Carlton Sports Network
- Country: Sri Lanka
- Headquarters: 236/1, Denzil Kobbekaduwa Mawatha, Battaramulla

Ownership
- Key people: Janaka Ranathunga (Chief Operation Executive)

History
- Launched: 7 March 2011
- Replaced: TH TV, Prime TV Sri Lanka
- Replaced by: Supreme TV

Links
- Website: www.csntv.lk

= Carlton Sports Network =

Sri Lankan sports television channel

Carlton Sports Network (CSN), was a Sri Lankan sports, lifestyles and business television channel. CSN was launched on 7 March 2011 and closed in 2016. It was involved in several controversies since its creation, primarily due to overlapping interests of its connected owners. "Carlton" is considered to be the "brand name" of the Rajapaksa family alongside the Carlton Residence of the Rajapaksas, Carlton Pre School owned by Shiranthi Rajapaksa, and Carlton Rugby owned by Namal Rajapaksa, as well as the Carlton Motor Sports Club linked to Rohitha Rajapaksa.

==History==
Carlton Sports Network (Pvt) Ltd was registered as a company on 10 February 2011. Its four directors were S. K. Dissanayaka (aged 22), A. R. Fernando (aged 23), S. Karunajeewa and Rohan Welivita. The registered address of the company – 260/12 Torrington Avenue, Colombo 5 – had been used by President Rajapaksa during the 2004 parliamentary election. Welivita was a presidential adviser on electronic media and is married to Anoma Welivita, the PA to Shiranthi Rajapaksa. The CEO of CSN was Nishantha Ranatunga, the former secretary of Sri Lanka Cricket (SLC), the controlling body for cricket in Sri Lanka.
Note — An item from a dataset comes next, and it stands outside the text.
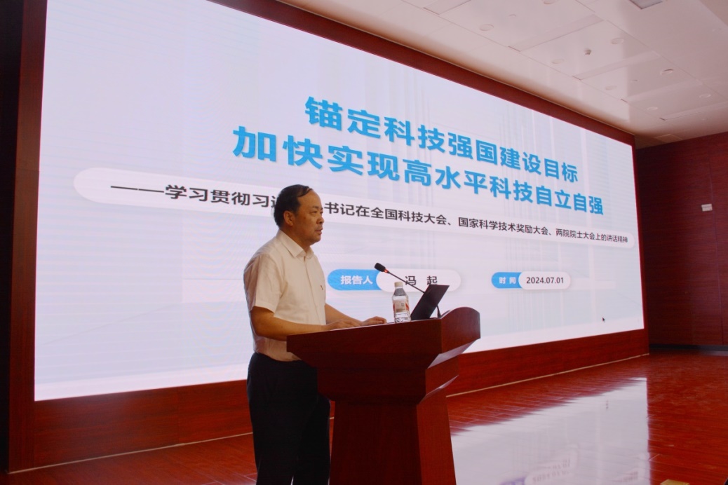 院長(zhǎng)馮起傳達(dá)學(xué)習(xí)了習(xí)近平總書(shū)記重要講話精神和全國(guó)科技大會(huì)精神,作了《錨定科技強(qiáng)國(guó)建設(shè)目標(biāo) 加快實(shí)現(xiàn)高水平科技自立自強(qiáng)》專題報(bào)告。他強(qiáng)調(diào),全體黨員干部要牢記國(guó)家戰(zhàn)略科技力量職責(zé)定位,面向國(guó)家重大戰(zhàn)略需求和科技前沿,持續(xù)凝練并推動(dòng)重大科技任務(wù)攻關(guān),自覺(jué)把科研追求融入建設(shè)科技強(qiáng)國(guó)的偉大事業(yè)中,將學(xué)習(xí)成果轉(zhuǎn)化為建設(shè)科技強(qiáng)國(guó)的強(qiáng)大動(dòng)力和生動(dòng)實(shí)踐,推動(dòng)各項(xiàng)工作不斷取得新的更大的成績(jī)。

Dinesh Jayawardana was appointed a director on 1 March 2011. Welivita ceased being a director on 6 March 2011.

CSN was issued a licence to broadcast on 3 March 2011. CSN started broadcasting on 7 March 2011, taking over the terrestrial frequencies and pay TV channels occupied by Prime TV Sri Lanka, a station operated by the state-owned Independent Television Network. The launch was celebrated by a special event held at the Atrium, Cinnamon Grand Hotel which was attended by Yoshitha Rajapaksa, Shiranthi Rajapaksa and Sports Minister Mahindananda Aluthgamage.
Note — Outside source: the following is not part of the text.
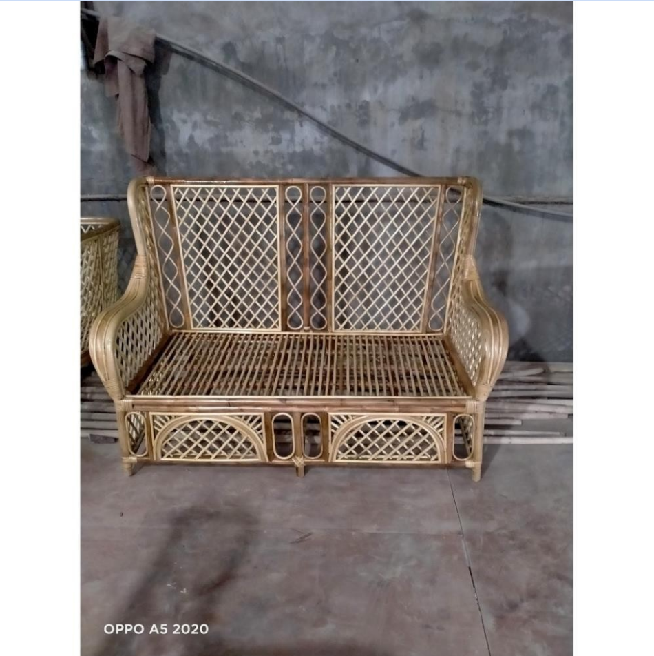 Ghế Sofa mây đôi HomesGroup hoạ tiết trám chất liệu song mây SFMN01
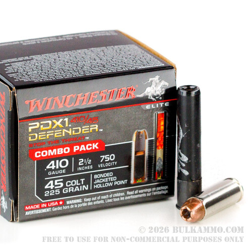 This unique box of 20 rounds is a combo pack of Winchester Defender ammunition for hybrid .410/.45LC revolver like the Smith & Wesson Governor or Taurus Judge. It contains 10 rounds each of .45 Long Colt and 2-1/2” .410 bore shotshells, giving you the versatility and firepower you need to be prepared for any defensive situation.

From its creation, it had been speculated that CSN was owned by President Rajapaksa's family but those associated with the station denied this. In June 2012 Sri Lanka Cricket admitted that CSN was owned by President Rajapaksa's sons Yoshitha Rajapaksa and Namal Rajapaksa.

===Corruption investigations===
Yoshitha Rajapaksa and four others including Nishantha Ranatunga, Rohan Weliwita were remanded on 30 January 2016 until 11 February, over the alleged financial irregularities at the CSN.
In August 2016 157.5 Million rupees were found and confiscated. Investigations revealed that the money has been deposited in a private bank under the name of a different company

==Tax==

The network has been accused of misusing state funds under the former President of Sri Lanka, Mahinda Rajapaksa and having not paid any taxes to the government. Finance Minister Ravi Karunanayake, who opened the debate on the interim budget, introduced a Super Gain tax to charge a levy from some companies that prospered disproportionately during the tenure of the previous government while making a minimum contribution to the economy. He cited CSN as an example and said it had neither paid the spectrum tax nor the electricity charges. "CSN has usurped the sports telecasting rights of the state-run television channels and misappropriated the fleet of vehicles assigned to the Presidential Security Division (PSD) for its business operations. That is how it has made huge profits," the minister said adding that one-fourth of the income accrued by these companies will be charged as tax if they had made a profit of Rs.2,000 million or more during the financial year 2013/2014.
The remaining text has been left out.